Postscript calls attention to the parallel processes by which artists and

writers marshal language in contemporary work. Both use similar linguistic

strategies and procedures such as translation, repetition, quotation, and

appropriation, extending Smithson’s earlier proposition to explore,

specifically, how information is processed, absorbed, and made meaningful in

our information-saturated, contemporary environment. Postscript corrals work

by artists and writers to examine the differences between language as object

and language as vehicle for information, memory and narrative. Presenting a

range of media from painting to performance, sculpture, digital art and works

on paper, Postscript reflects not only on the abundance of writing in

contemporary culture, but also on the variety of sources through which it is

transmitted. Copying and cutting, sampling and reframing are the common

practices of artists and conceptual writers, bloggers and socialnetworkers

alike. Ultimately, Postscript attests to the contiguous concerns of artists

and writers from the breakthrough experiments in language of the 1960s to

contemporary negotiations between print and digital culture.

 

 

Artists and writers featured in the exhibition include: Mark Amerika & Chad Mossholder, Carl Andre, Fiona Banner, Erica Baum, Derek Beaulieu, Caroline Bergvall, Jen Bervin, Jimbo Blachly & Lytle Shaw, Christian Bök, Marcel Broodthaers, Pavel Buchler, Luis Camnitzer, Ricardo Cuevas, Tim Davis & Robert Fitterman, Monica de la Torre, Craig Dworkin, Tim Etchells, Ryan Gander, Michelle Gay, Kenneth Goldsmith, Dan Graham, Alexandra Grant, James Hoff, Seth Kim-Cohen, Sol LeWitt, Glenn Ligon, Tan Lin, Gareth Long, Michael Maranda, Helen Mirra, Jonathan Monk, Simon Morris, João Onofre, Michalis Pichler, Paolo Piscitelli, Vanessa Place, Kristina Lee Podesva, Seth Price, Kay Rosen, Joe Scanlan, Dexter Sinister, Frances Stark, Joel Swanson, Nick Thurston, Triple Canopy, Andy Warhol, Darren Wershler, and Eric Zboya.
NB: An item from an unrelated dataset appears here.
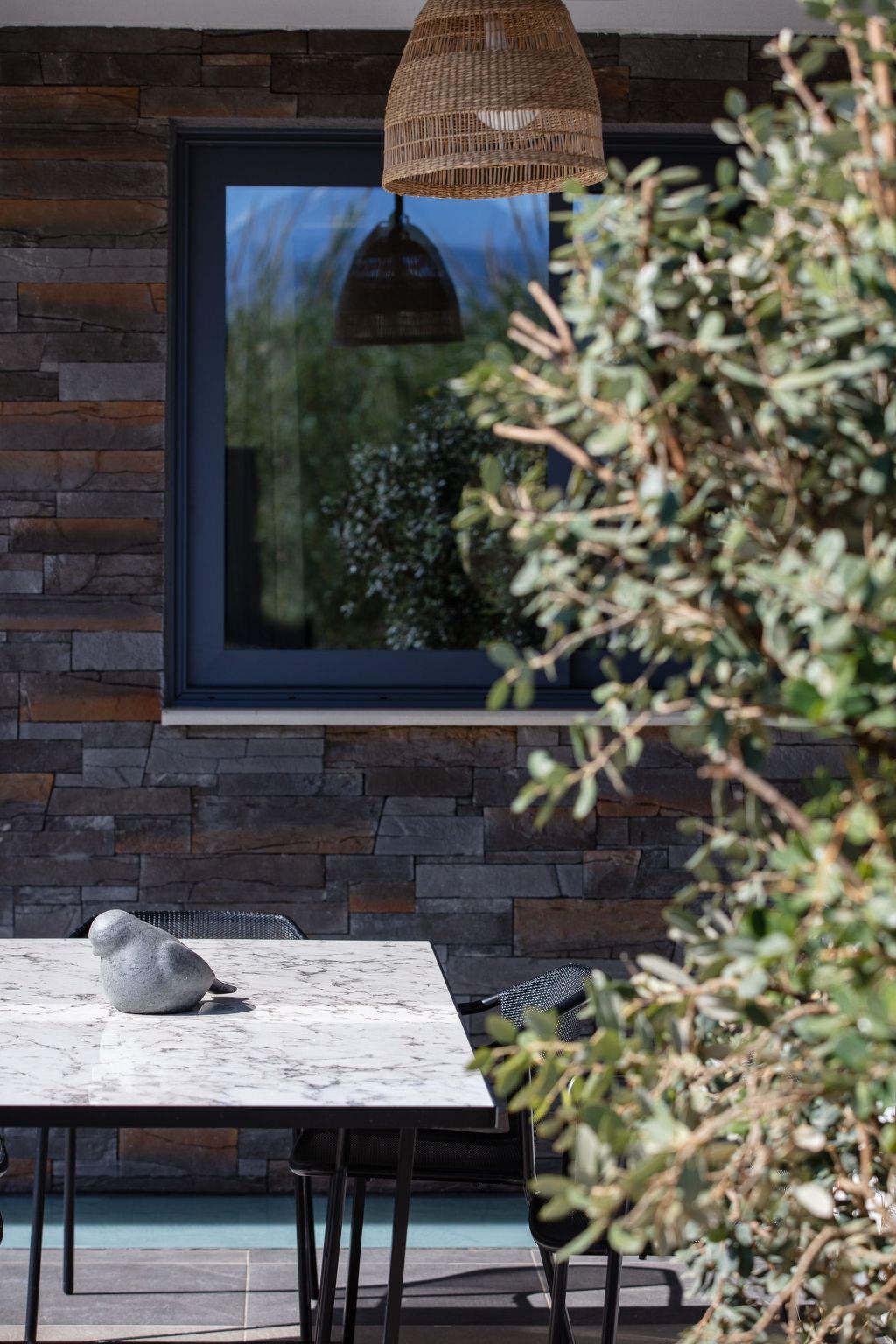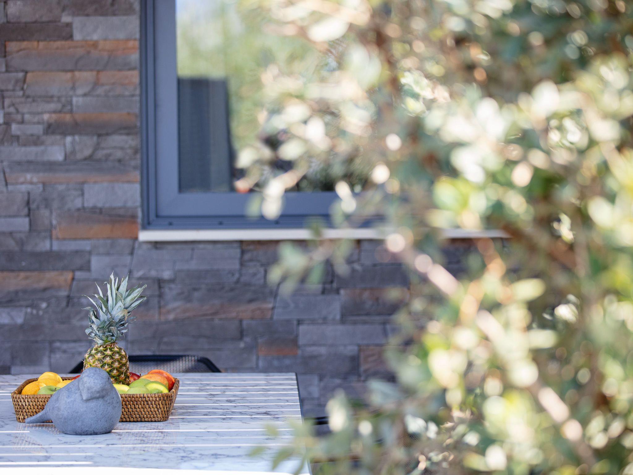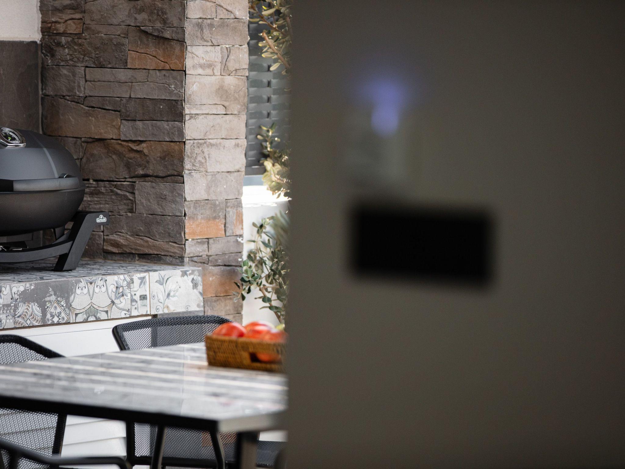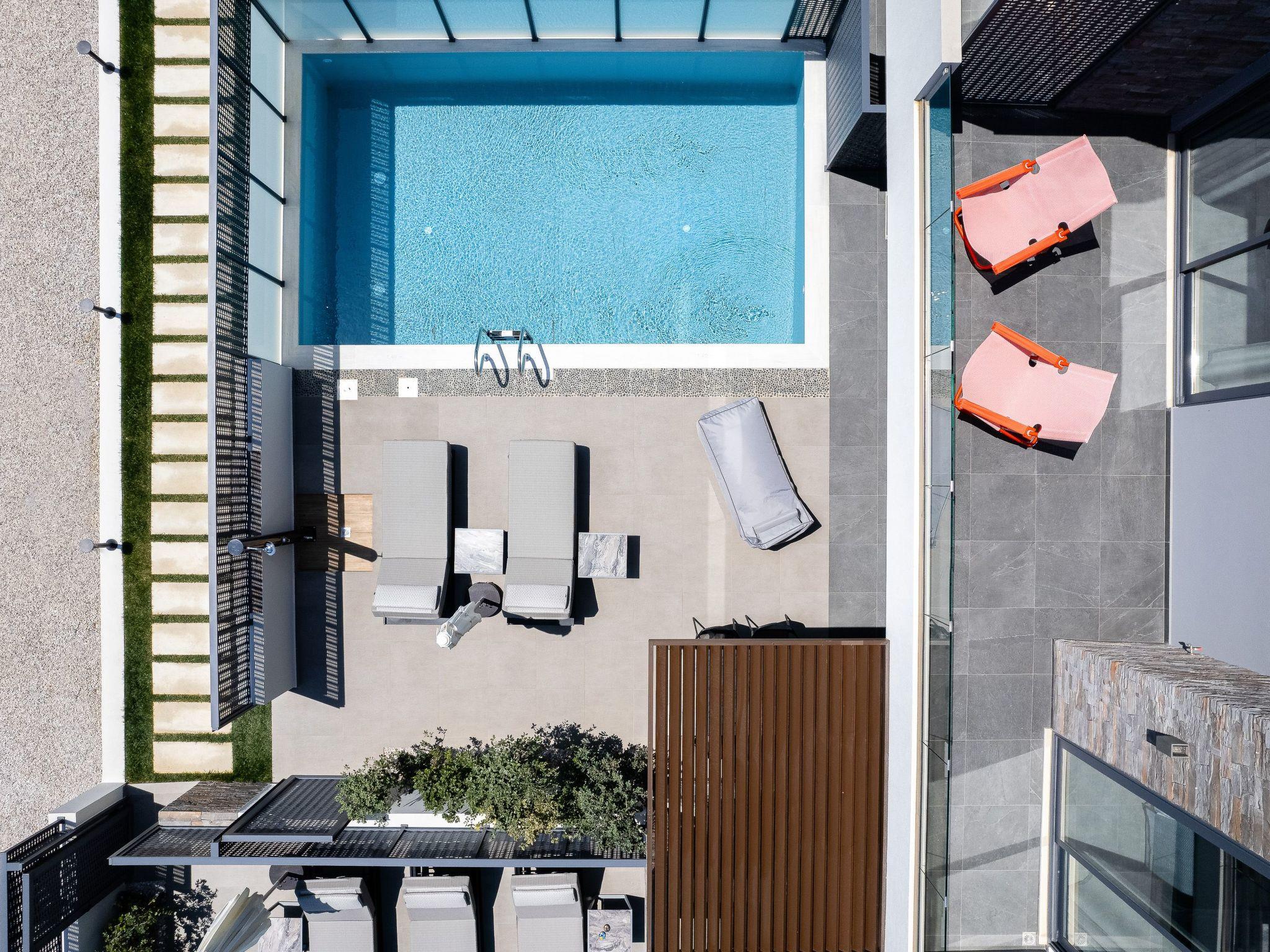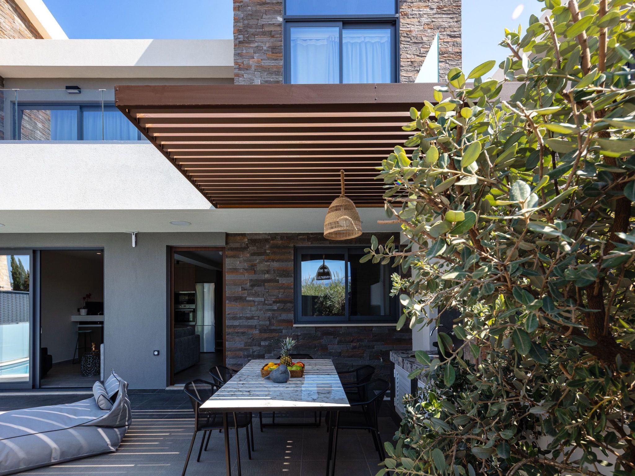 The outdoor area of VillAgioi Villa II has been thoughtfully arranged to provide a private and serene retreat. The 25 sqm private swimming pool is complemented by a poolside shower, sun loungers, and a shaded umbrella area. A fully equipped outdoor kitchenette with an electric BBQ and a large dining table makes it perfect for enjoying al fresco meals.

Postscript will be accompanied by a major catalogue presenting both scholarly

essays and contributions by select writers and artists featured in the

exhibition. Contributors to date include Craig Dworkin, Kenneth Goldsmith,

Patrick Greaney and Marjorie Perloff, among others.

About the Curators

Andrea Andersson teaches at Barnard College in New York, where she works on

the history of the avant-garde with a focus on the relationship between

innovative writing and visual art. She is currently developing an exhibition

on New York’s Anarchitecture group of the 1970s and a collaborative series

on structuralist films and conceptual writing. She is a graduate of Stanford

University and completed her dissertation on poetry and conceptual art at

Columbia University.

 

Nora Burnett Abrams is Associate Curator at the Museum of Contemporary Art

Denver where she has organized solo exhibitions of Isca Greenfield-Sanders,

Dario Robleto, Allison Smith and cocurated the forthcoming Another Victory

Over the Sun. She has contributed to several publications at the Grey Art

Gallery at NYU and MCA Denver. She is a graduate of Stanford University and is

finishing her PhD at the Institute of Fine Arts at New York University.